- 1 cup fine bulgur
- 2 cups warm water
- 2 cups mashed cooked pumpkin (about 2 1/2 pounds raw) or 16 ounces pure-pack canned pumpkin
- 1 cup whole-wheat or unbleached all-purpose flour
- 1/2 cup cold water
- 1 onion, chopped
- 3 to 4 cloves garlic, minced
- About 1/2 teaspoon table salt or 1 teaspoon kosher salt
- 1/2 teaspoon ground coriander
- 1/2 teaspoon ground black pepper
- 1/4 teaspoon ground allspice
- 1/4 teaspoon ground cumin
- Pinch of Aleppo or cayenne pepper
- Vegetable oil for frying
- Put the bulgur in a medium bowl, add the warm water, and let soak for 30 minutes.

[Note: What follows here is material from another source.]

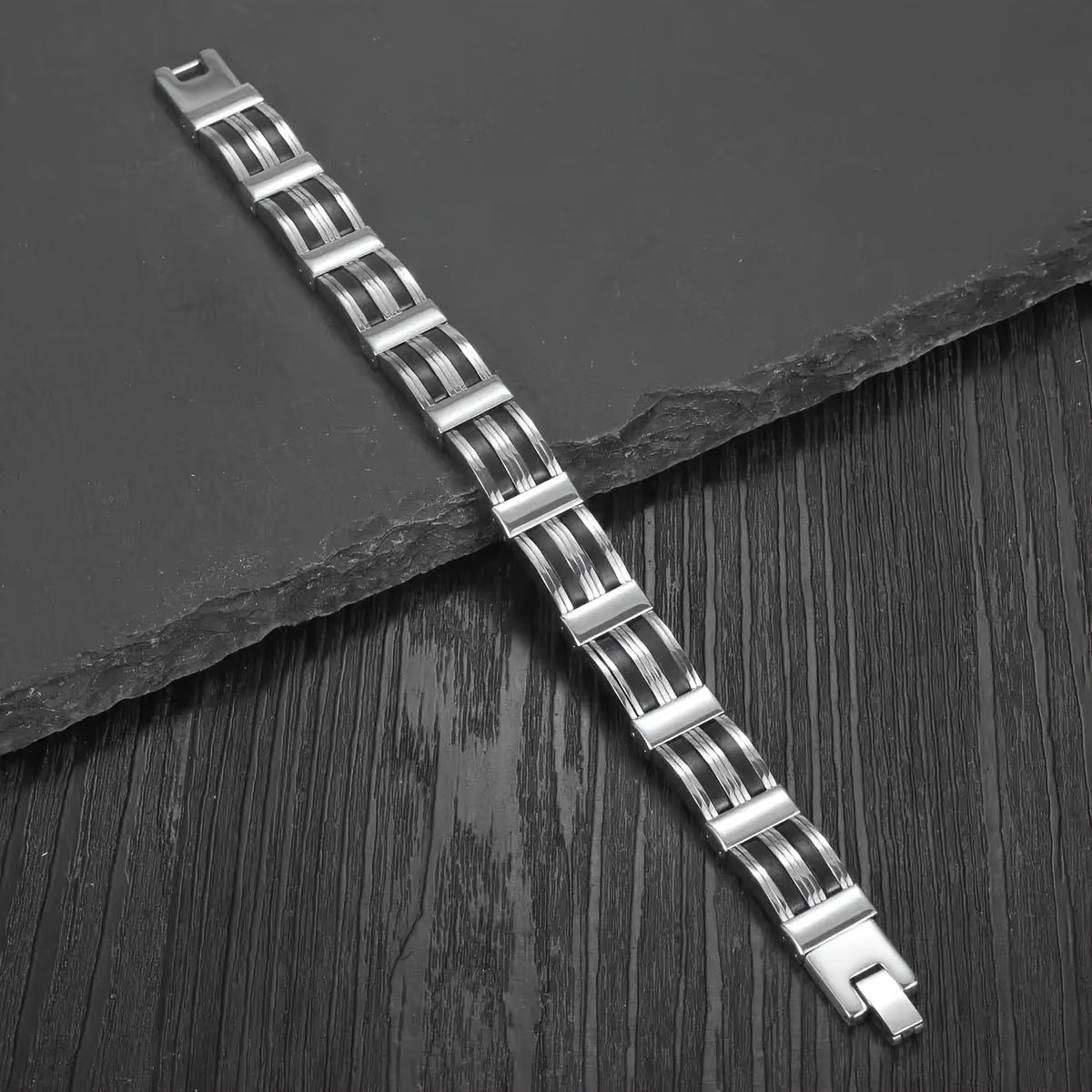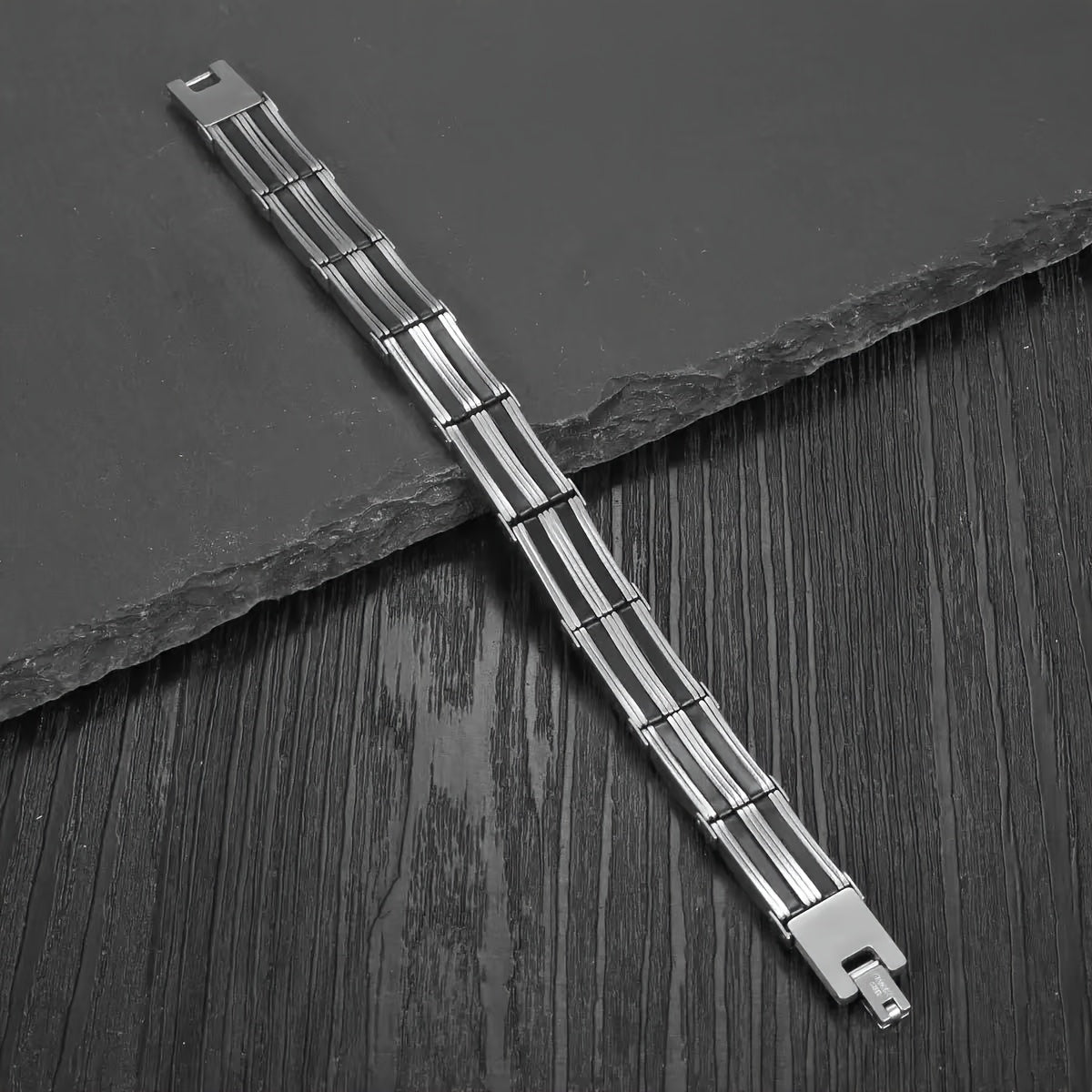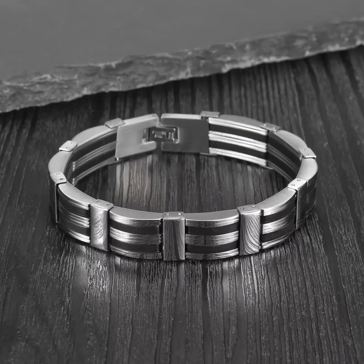 This stylish men's bracelet features a silicone band with a durable stainless steel clasp. It's a personalized and thoughtful gift for fathers.

Drain.
- Transfer the bulgur to a food processor. Add all of the remaining ingredients except the oil and process until smooth. If the mixture is too thin, add a little more flour. Using floured hands, shape into oval patties about 2 inches long, 1 inch wide, and 1/2 inch thick, tapering the ends.

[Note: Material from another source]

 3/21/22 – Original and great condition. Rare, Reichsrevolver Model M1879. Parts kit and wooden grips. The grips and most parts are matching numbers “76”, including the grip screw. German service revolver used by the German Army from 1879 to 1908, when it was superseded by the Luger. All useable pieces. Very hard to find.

- Heat 1/4 inch oil in a large skillet over medium heat. In batches, fry the patties, turning once, until golden brown, about 2 minutes per side. Serve warm or at room temperature.
- This batter is looser than the bulgur version and is dropped from a spoon. Omit the bulgur, the 1/2 cup cold water, the onion, garlic, coriander, pepper, allspice, cumin, and Aleppo pepper. Add 3 large eggs, 2 to 8 tablespoons granulated or packed brown sugar, 2 teaspoons ground cinnamon, 1/2 teaspoon freshly ground nutmeg, and a pinch of ground ginger.
- Spread the pumpkin mixture in an oiled 9-inch square baking pan. Cut into diamonds or 1 1/2-inch squares, drizzle with 1/4 cup vegetable oil, and bake in a preheated 375°F oven until golden brown, about 45 minutes.